If you would like get to know Google Drive, here are 5 tips to help you get started. While you can use Google Drive with any browser, I urge you to use Google Chrome (free for all devices), as it will enable all features and ensure a more stable experience with this tool.

Get Started With Google Drive: Sign in or Create an Account

If your school is Google Apps for Education or you have a Gmail account, then Google Drive has already been set up for you. Just go to drive.google.com (or simply Google “Google Drive”) and login with your Google credentials. If you’re new to the Google platform, you will be asked to create an account. Once you have signed in or completed the account setup, you will find yourself in your Drive window where all of your files and documents are stored.

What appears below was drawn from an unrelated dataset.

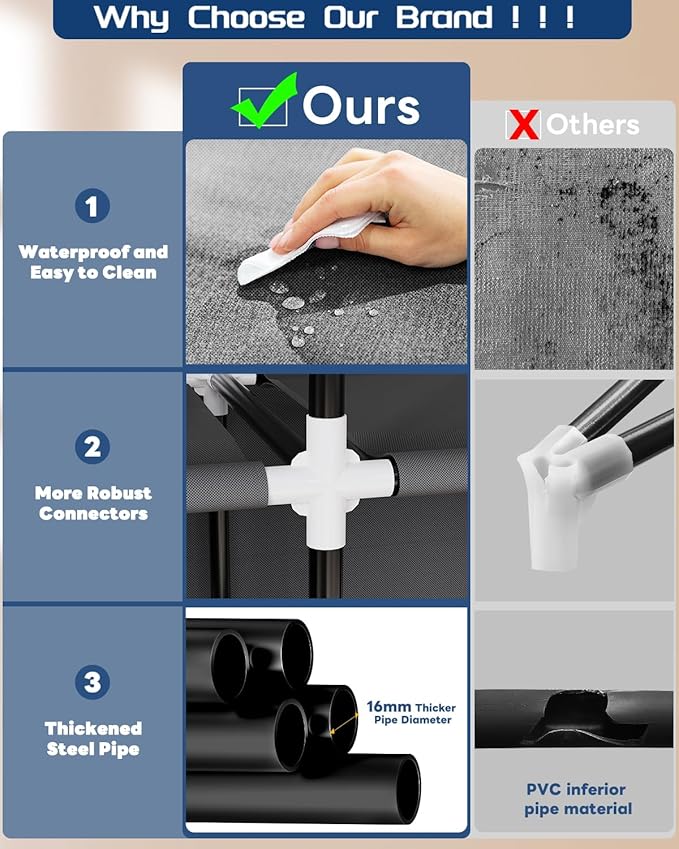 - [Dustproof &Waterproof Cover]: By simply zipping up the door, the fabric cover will keep your clothes safely away from dust. Or keep it open for easy access to your clothes and making it effortless to get ready before heading out.
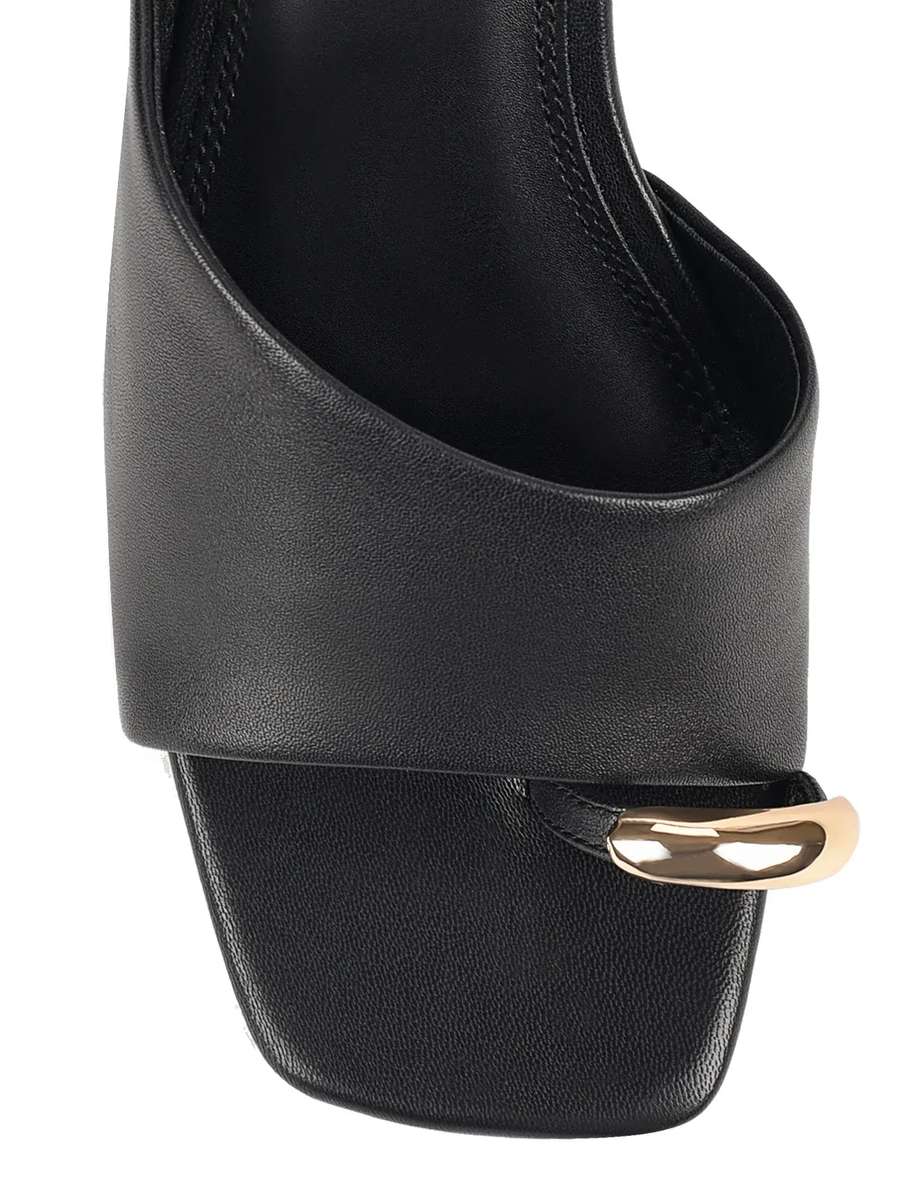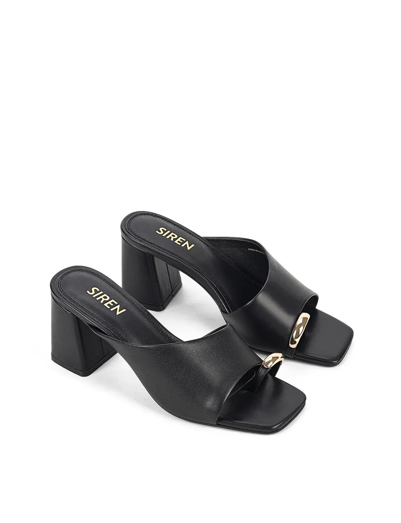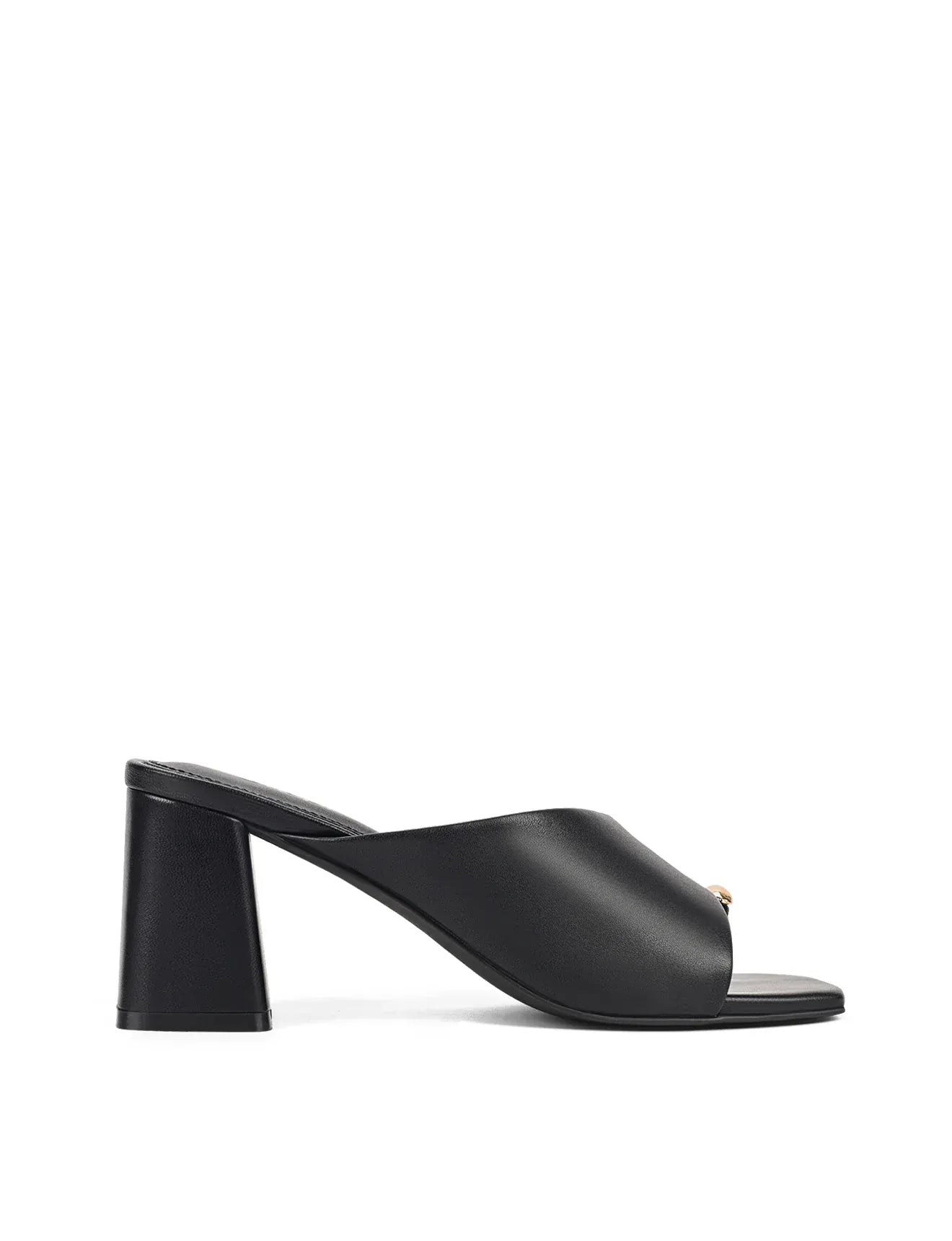 Sculptural and grounded, Stanton delivers texture and attitude in equal measure. Featuring a bold block heel, wide-cut upper and metallic toe ring detail, this mule is all about elevated ease. Pair it with neutrals or layered tailoring for a look that feels confidently refined.

I recommend that you bookmark Google Drive (clicking the star in your Chrome Browser) for faster access.

Left MenuOn the left hand side you will see your navigation tools: your My Drive Folder (with a drop-down arrow to access all the folders you create), your Incoming (for files shared with you), Recent (where you can quickly access the documents you’ve worked on most recently), Starred(you can mark important documents with a “star” for quick access), and Trash (where documents you delete are stored for 30 days or until you empty the trash).

Create a New Document

The core suite of Google Apps within Drive allows you to create a Doc, a Sheet(spreadsheet), Slides (presentations), and Forms (a great tool that you should explore as you become a more advanced user). Creating a new document in Google Drive is simple. Click on the red “New” button in the top left and select the type of document you would like to create. When you have done this, a new tab will open with your blank document. To title it, simply click on the “untitled document” in the top left and then enter the new name. One of my favorite features about working within Google Drive is that all changes are saved automatically. I don’t have to remember to hit save before logging off of my machine. You will be able to access the most recent version from any machine with a web browser and internet connection.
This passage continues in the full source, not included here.